Fig. 3 |. HER2 oncogenic mutation S310F stabilizes the dimerization arm of HER3.

a, Cryo-EM map and model zoomed in on domains II depict a resolved HER3 dimerization arm in the HER2-S310F/HER3/NRG1β complex. Inset shows a top-down view of the HER2 and HER3 dimerization arms. The HER2-S310F mutation is shown in red. b, Top panel, HER2-S310F monomer, shown in surface representation, pins the HER3 dimerization arm, shown as cartoon, in the HER2 dimerization arm-binding pocket despite its inability to close in the ligand-less HER2. Bottom left panel, HER2-S310F forms a π-π interaction with HER3 Y265 that stabilizes the dimerization arm. Bottom right panel, polar contacts (dotted lines) between HER3 Y265 and the backbone residues of HER2 - F291 and C311.

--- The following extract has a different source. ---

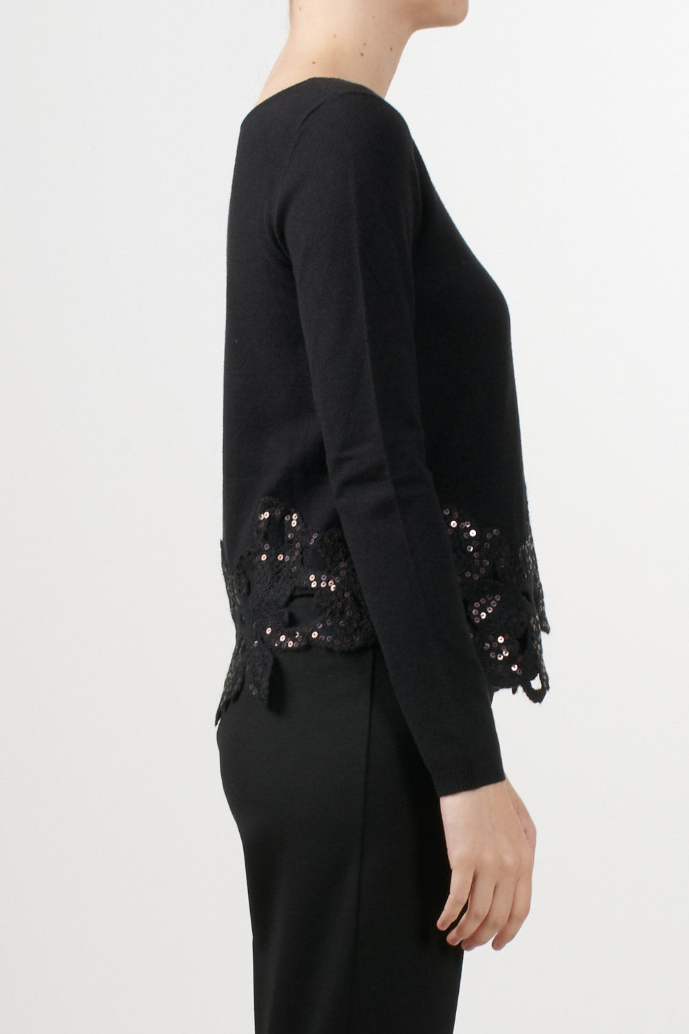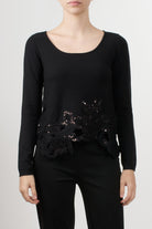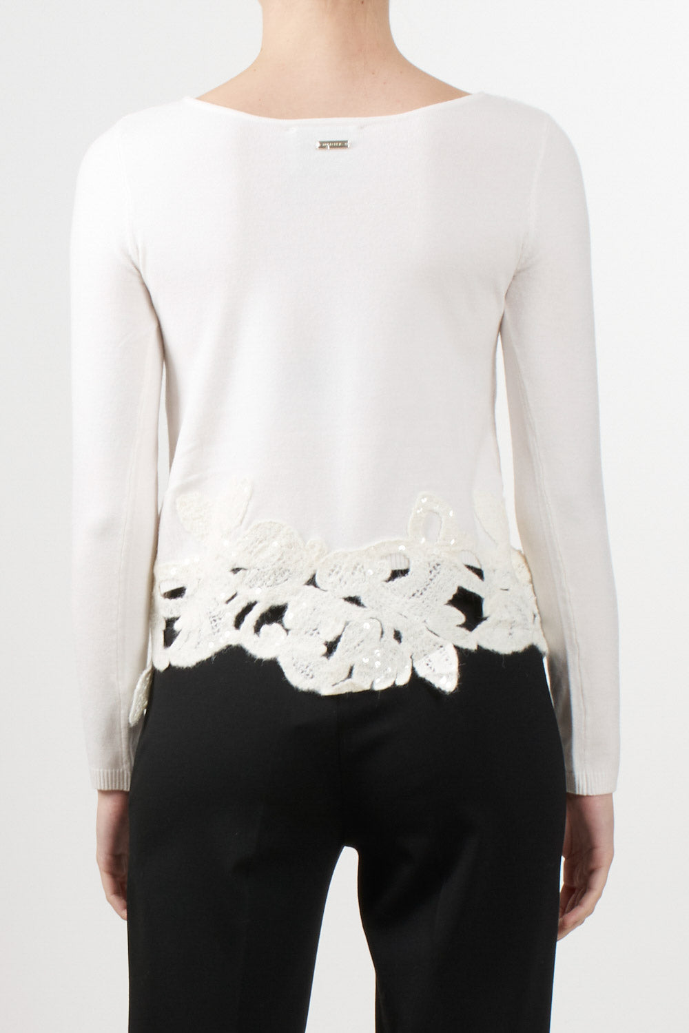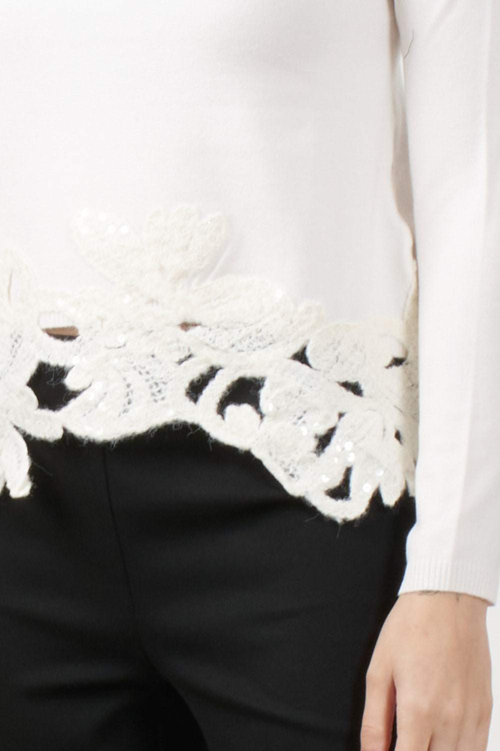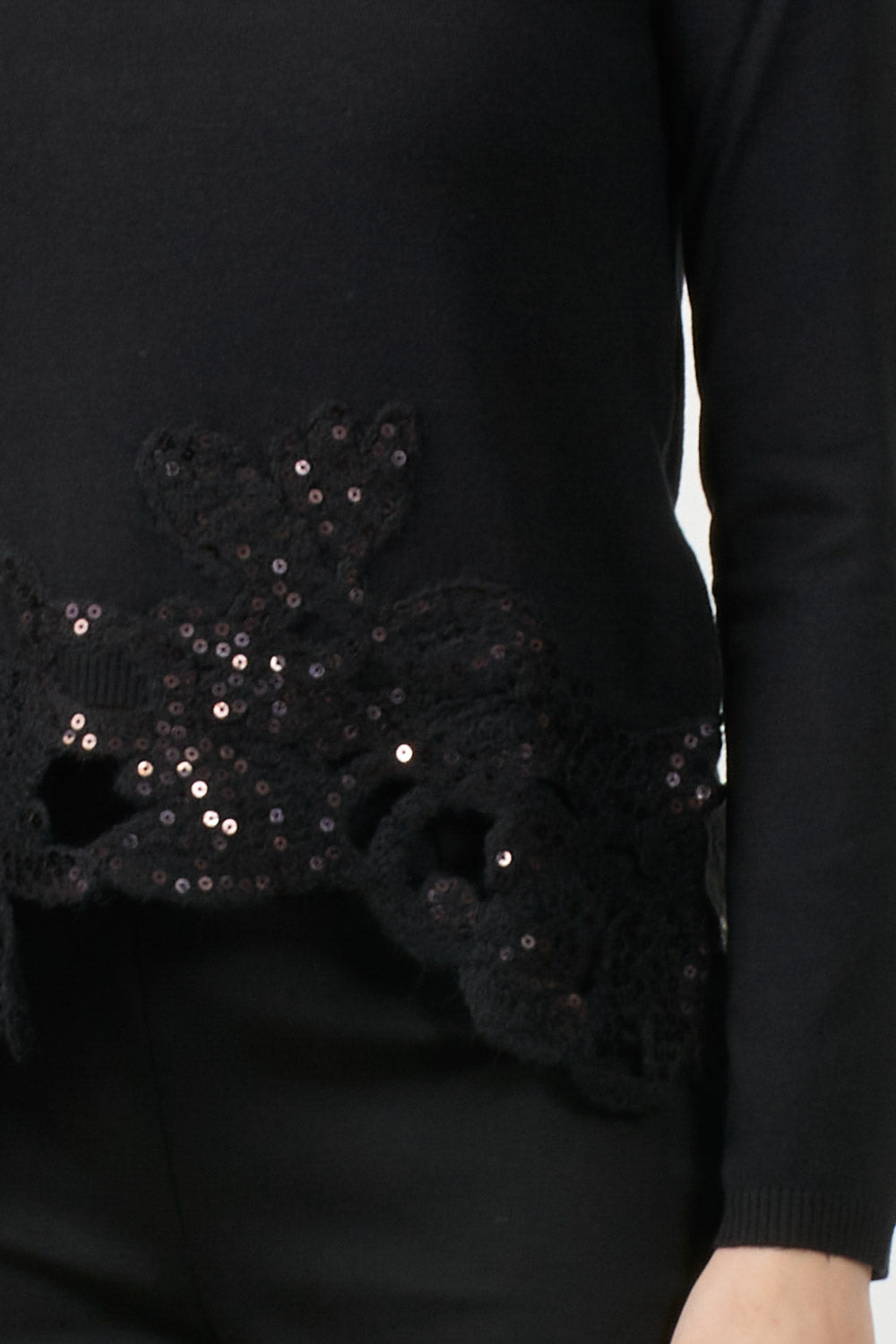 Maglia firmata No Secrets elegante e raffinato, Realizzata in maglia fine dalla vestibilità morbida, presenta un delicato scollo rotondo e un raffinato inserto in pizzo floreale con paillettes sul fondo, che dona luminosità e movimento all’outfit. Un modello versatile e chic, ideale da abbinare a pantaloni eleganti o gonne midi per un look sofisticato e contemporaneo.

Fig. 4 |. The HER2/HER3/NRG1β structure accommodates trastuzumab binding.

a, Representative Western blot of the purified HER2/HER3 heterodimer pulldowns in the presence of a two-fold molar excess of pertuzumab and trastuzumab FLAG-tagged Fabs. TS – Twin Strep tag (present on both HER2 and HER3) was detected with Strep-Tactin® HRP conjugate. The blot is representative of n=4 independent biological replicates. For gel source data, see Supplementary Figure 1. b, 5Å lowpass filtered density of the HER2-S310F/HER3/NRG1β heterocomplex bound to trastuzumab Fab. c, Ribbon overlay of the HER2-S310F/HER3/NRG1β heterocomplex with (multi-color) and without (light grey) trastuzumab Fab. The Fab pushes HER3 back relative to HER2 (curved arrow) and spreads domains IV further apart (double-headed arrow).